I also suspect she may have been taking the piss. I also think uou can have started puberty and not have your voice broken, I don't think it's exactly simalteanous, more the voice breaks as a boy goes through puberty.

The op should definitely not talk to the school. She will make a laughing stock of her son of it gets out.

bumblingbovine49 · 12/01/2017 10:22

I absolutely do not think you should go to the school. As someone has said you will make your son unhappy and possibly embarrass him and he will be less likely to tell you things in future. Keep talking and listening to him and don't show too much disapproval of the girl's behaviour yet, though of course don't seem in any way as if you approve. Try to keep your reaction neutral and gauge his while you listen.

If it escalates then maybe it is time for action but at the moment I think it is way OTT to complain to the school (particularly if your son is not upset) . I would feel the same if the genders were reversed unless the younger child was upset and really wanted it to stop

Obviously of the girl continues to take too much of an interest then maybe then go to the school but on the basis of one comment of hot and a hi in the school halls., I think you are being way way too overprotective. to step in yet.

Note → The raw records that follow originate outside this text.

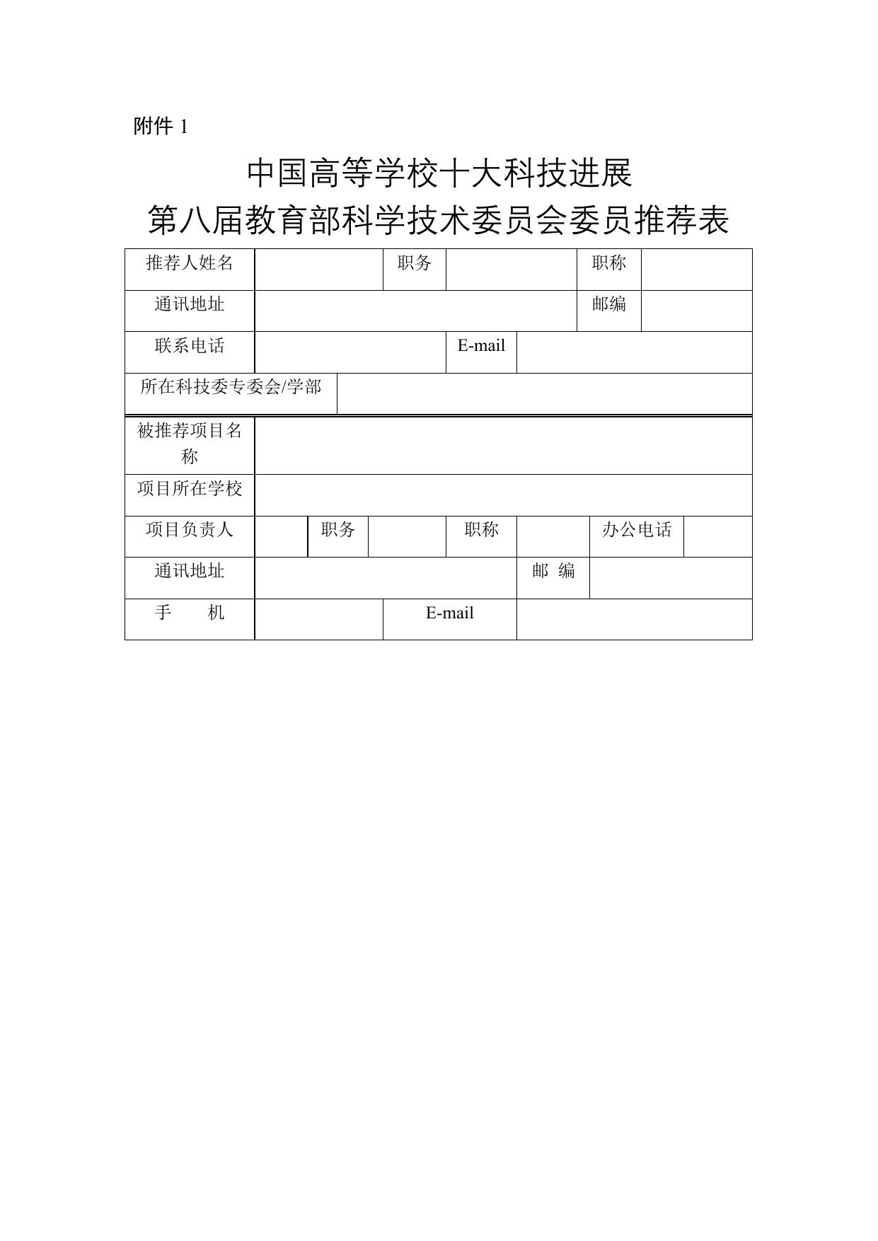 长安大学公路学院附件1中国高等学校十大科技进展第八届教育部科学技术委员会委员推荐表.docx
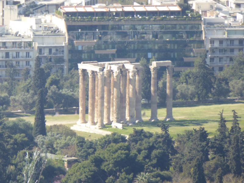 Verwaist stehen 15 korinthische Säulen auf einer Freifläche, es sind die Überreste des Olympieion (Tempel des Olypimpischen Zeus ). Er war mal einer der größten Tempel im antiken Griechenland. Ich sehe schon, hier hat jeder Stein einen historischen Hintergrund. Sogar das riesige Atrium der Athener Academie ist gut zu erkennen.
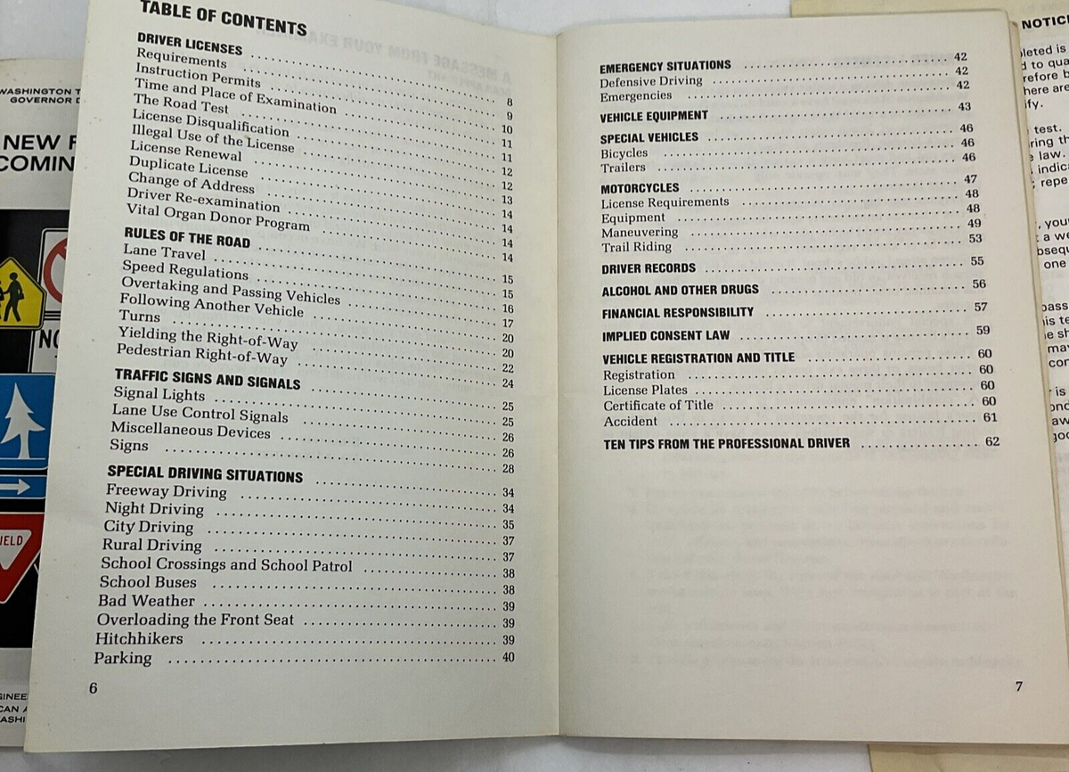 Vintage 1987 Washington State Driver s Guide Test Score Sheet U0026 New Road Signs EBay
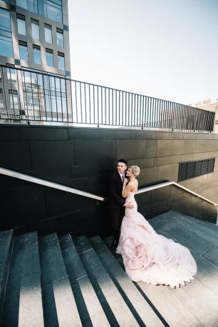 Розовое воздушное платье невесты
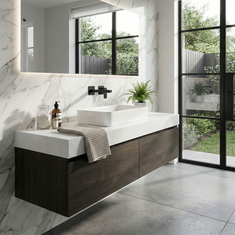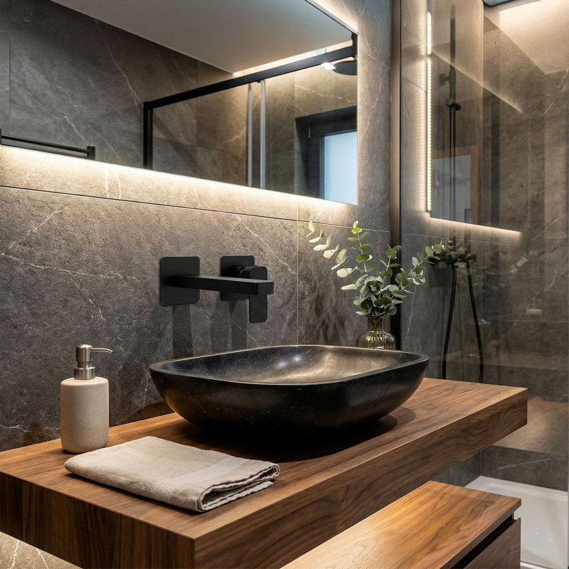 Premeňte svoj interiér a stavte na vycibrený štýl výberom podomietkovej umývadlovej batérie Rea Arlo v módnom prevedení matná čierna. Tento model je kvintesenciou moderného minimalizmu, ktorý sa skvele hodí do loftových a modernistických aranžmánov. Podomietková montáž – úspora miesta a estetický, skrytý inštalačný systém. Technológia Electroplating – metóda nanášania farby zaručuje hladký, matný povrch odolný voči poškodeniu. Vysoko kvalitný mosadz - záruka pevnosti a dlhej životnosti tela batérie.Keramická kartuša - plynulá regulácia prúdu vody a spoľahlivý chod mechanizmu po dlhé roky.Perlátor - nižšia spotreba vody a mäkký prúd, ktorý nestrieka. Batéria Rea Arlo je návrhom pre tých, ktorí oceňujú dobrý dizajn. Jej minimalistická forma uľahčuje udržanie umývadlovej zóny v dokonalej čistote a precízne spracovanie zaisťuje bezporuchovú prevádzku. Voľbou tohto modelu získate istotu, že vaša kúpeľňa získa exkluzívny charakter a každodenné používanie sa stane čistým potešením.

I am not sure whether the girl does find him attractive, as others have said she might just be being nice but as someone said good luck with trying to ban any signs of attraction between 18 and 14 year olds. It has been happening for milennia really. As a society we disapprove strongly (rightly) of this being acted on until the younger one is older but trying to stop all evidence of this is pretty much like trying to stop the tide.

paxillin · 12/01/2017 10:22

"Hot" no longer means "pwoar" for teens though, OP. I don't think this is a sexual advance on her part, just a kind compliment.

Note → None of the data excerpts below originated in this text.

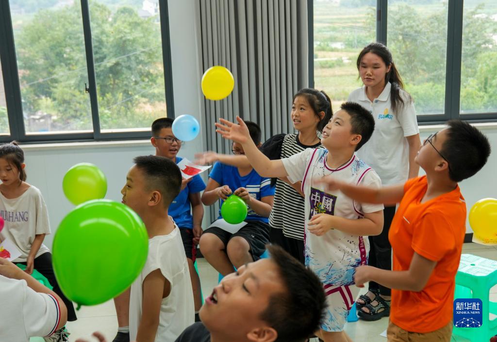 8月24日,在重慶市九龍坡區新民村村委會(huì )活動(dòng)室內,孩子們在心理咨詢(xún)師志愿者的指導下進(jìn)行互動(dòng)小游戲。新華社記者 劉潺 攝
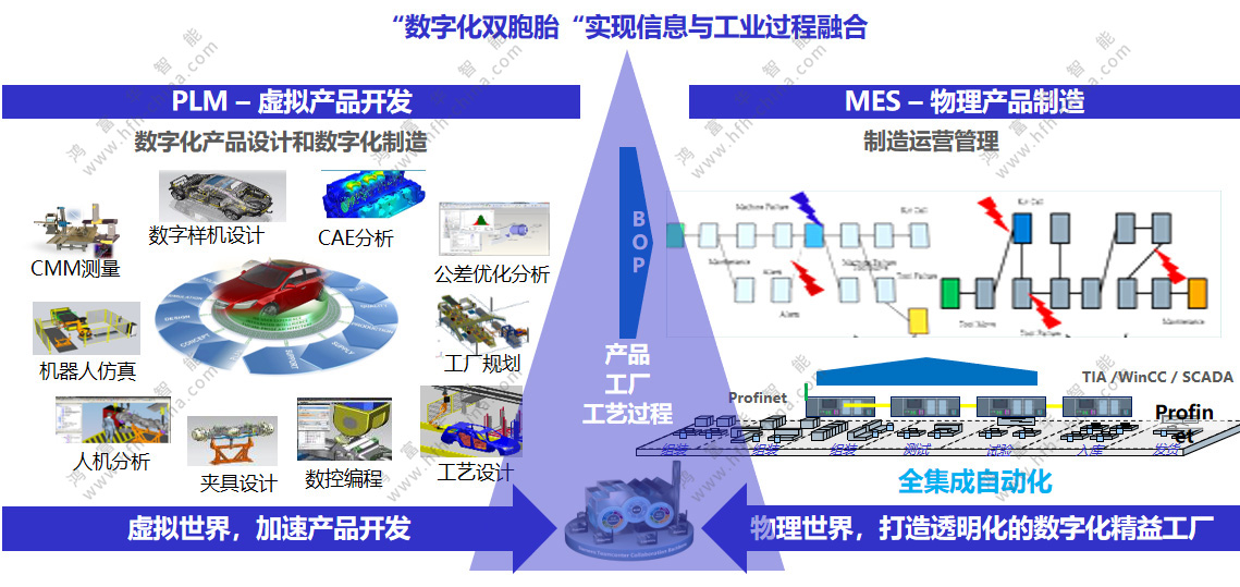 - 建立企業生產執行管理系統MES平臺,并基于PLM、WMS、SCM、ERP、MES,實現制造可視化系統集成,提供統計分析、訂單管理、工單管理、車間現場管理等核心功能,主要實現質量策劃、過程檢驗、判定處置、追溯分析的全過程質量管理;精細化的全程物流集中管控,加快物流、減低庫存,提高物料管理的精度和效率,使生產系統融入PDM、ERP系統相關的應用環境。
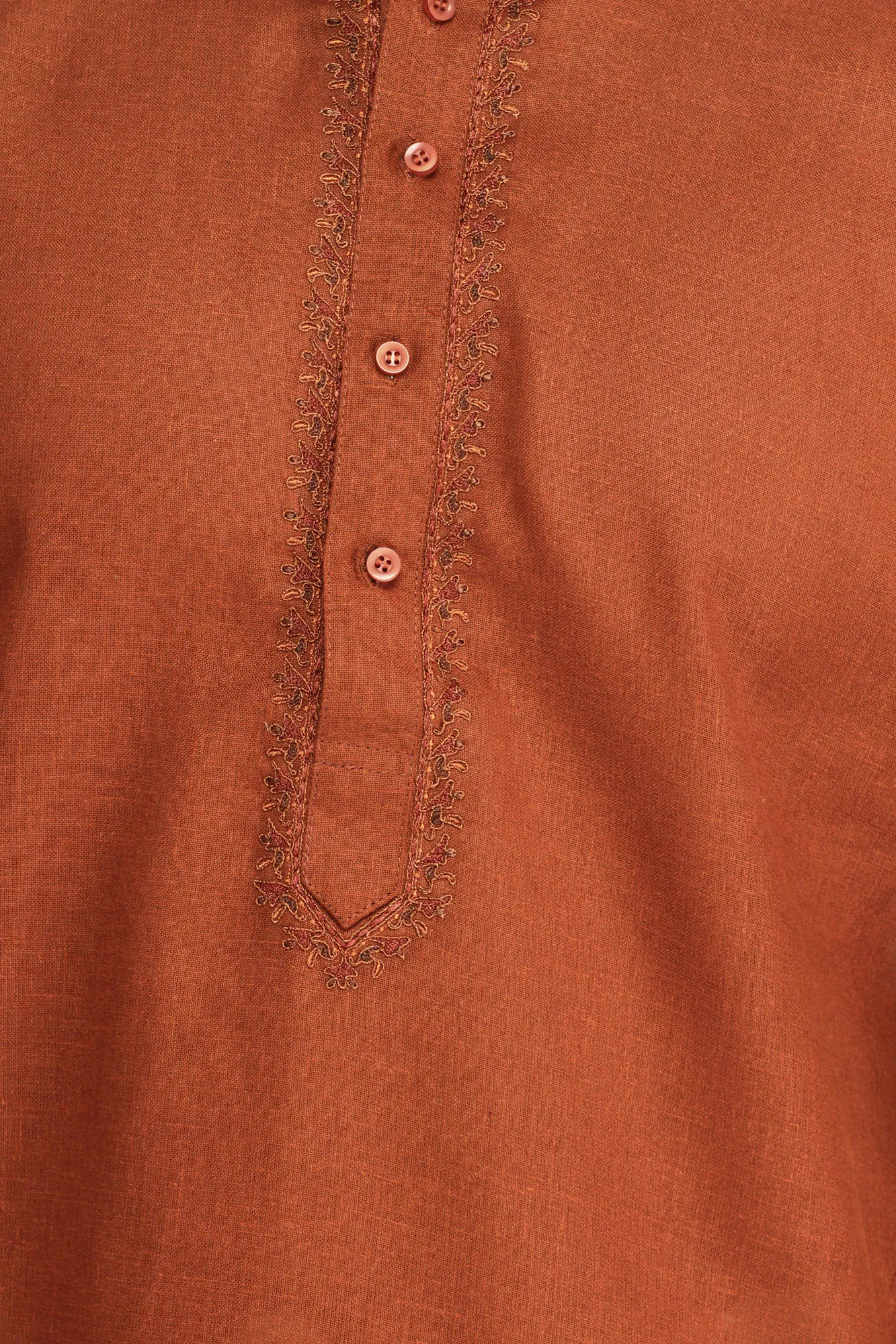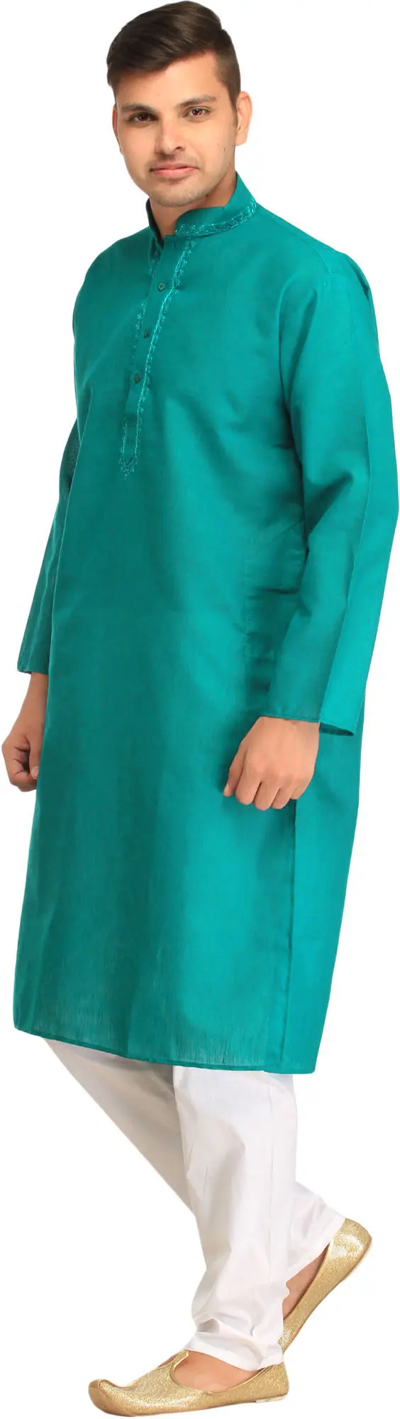 Embrace timeless fashion and relish the comfort of pure cotton with this “Kurta Pajama Set”. Crafted from pure cotton, this ensemble offers a relaxed fit, ideal for everyday wear. The subtle yet intricate thread embroidery on the neckline gives elegance and uniqueness to the attire, making it suitable for various occasions, from casual gatherings to festive celebrations. Its understated charm allows for easy accessorising, making it a wardrobe essential for those who appreciate simplicity with a hint of sophistication. This ensemble perfectly embodies the fusion of tradition and contemporary fashion.

Plifner · 12/01/2017 10:23

my dh is 4 years younger than me

ToastyFingers · 12/01/2017 10:23

If it gets reported to the school, it will go one of two ways:

The son will be hugely embarrassed and probably made fun of for a long time.

Or

It will be (wrongfully, in my opinion) taken seriously and the girl will be labelled as a pedophile, because she was kind to OPen son.

Win win eh? Hmm

LiviaDrusillaAugusta · 12/01/2017 10:26

I presume those who are horrified would be fine about someone implying that your 18 yo was a pervert?